I am grateful atheists have never been martyred in this nation. But their activism against belief is serving to incrementally kill off the freedoms of others. Therein lies an irony: The Judeo-Christian worldview that birthed America provides a context for atheists to safely live in a state of unbelief.
From the writings of our founders to the brilliant prose of Dr. Martin Luther King Jr.’s 1963 Pulitzer-prize winning work Why We Can’t Wait, astute thinkers have recognized that God and biblical morality have been part of America’s DNA of freedom.

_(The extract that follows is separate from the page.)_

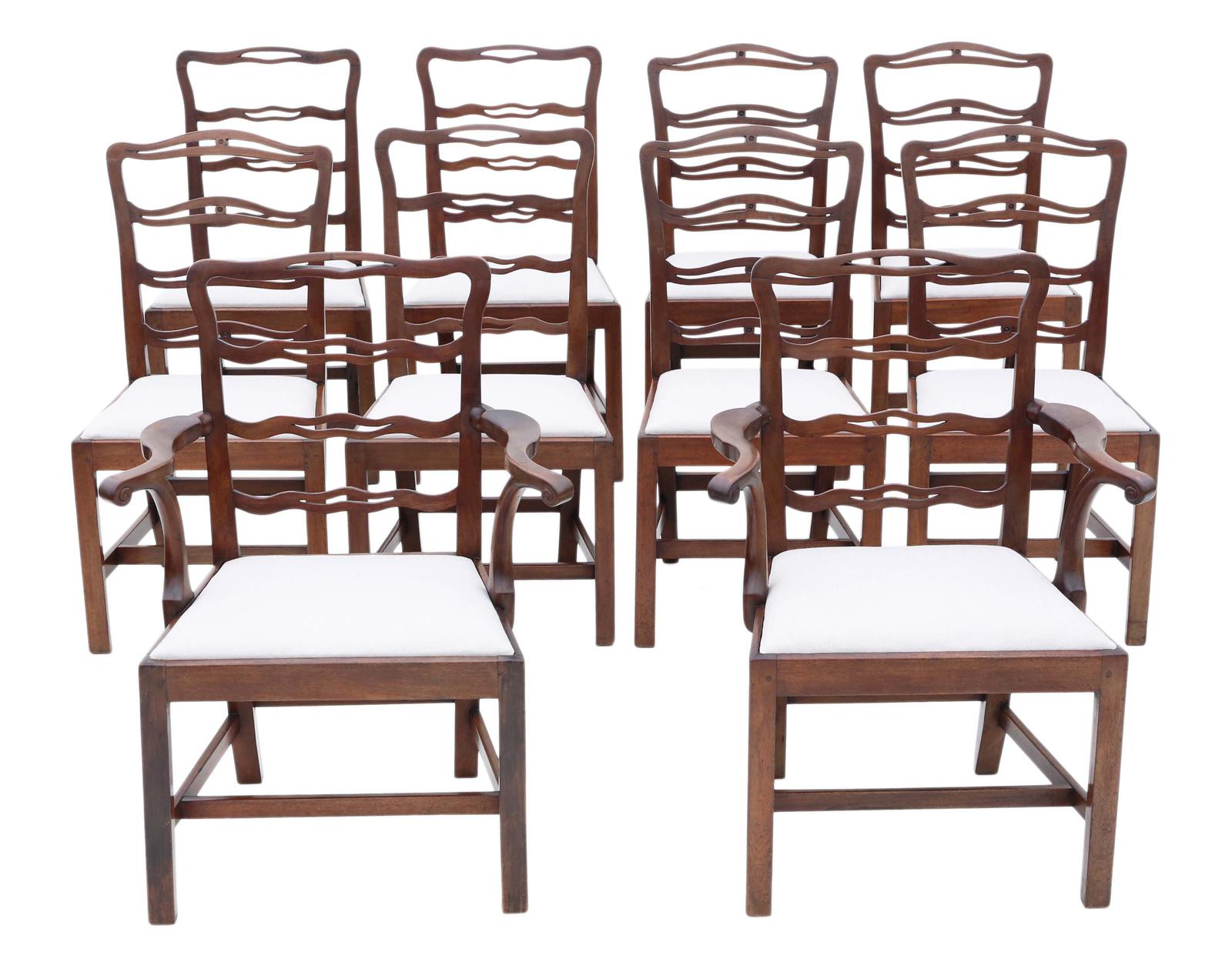 Matched Set of 10 (8+2) Mahogany Georgian C1825 Dining Chairs Ribbon Back

The Judeo-Christian worldview acknowledges that God is the ground of moral reality. Biblical morality (including the precepts of the 10 Commandments) is objective (revealed by God, not arbitrarily “invented” by man). Because man is made in the image of God, each person possesses inherent worth, value, purpose, and dignity. Each person has God-given rights, and because of their divine origin, our founders called them inalienable. The underlying belief was that man couldn’t take them away (and shouldn’t try).

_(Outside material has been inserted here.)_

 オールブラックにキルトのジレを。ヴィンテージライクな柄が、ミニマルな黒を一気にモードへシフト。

Among these rights is the freedom of religious expression. But there is not an inherent right to be shielded from encountering things with which you don’t agree. If an atheist doesn’t want to believe in God, fair enough- he doesn’t have to. But a David Silverman or a Michael Newdow should not attack and undermine the very milleau that gives them the freedom to safely live in their state of unbelief. When such activists use political and legal leverage to remove crosses that have been in veteran’s cemeteries for decades, to see all postings of the Mosaic Decalogue eliminated one by one, they are seriously undermining the context of freedom in which American’s trusted for 230+ years.
Atheists, in a free America you must stomach this: We are a pluralistic culture in the sense that you may believe (or not believe) what you wish. But we are (or, at least were) a monolithic culture in the sense that your freedoms are guaranteed protection because they come from God. The agreed-upon presuppositions that made this the land of the free, included beliefs that:
- God exists
- People are made in His image
- There are universal rights and wrongs knowable by man
When we honor fellow humans, we are honoring the One whose image they bear
Leaders past and present have re-affirmed these things. In 1781 Thomas Jefferson stated in his Notes on the State of Virginia, “God who gave us life gave us liberty. And can the liberties of a nation be thought secure when we have removed their only firm basis, a conviction in the minds of the people that these liberties are of the Gift of God? That they are not to be violated but with His wrath? Indeed, I tremble for my country when I reflect that God is just; that His justice cannot sleep forever.”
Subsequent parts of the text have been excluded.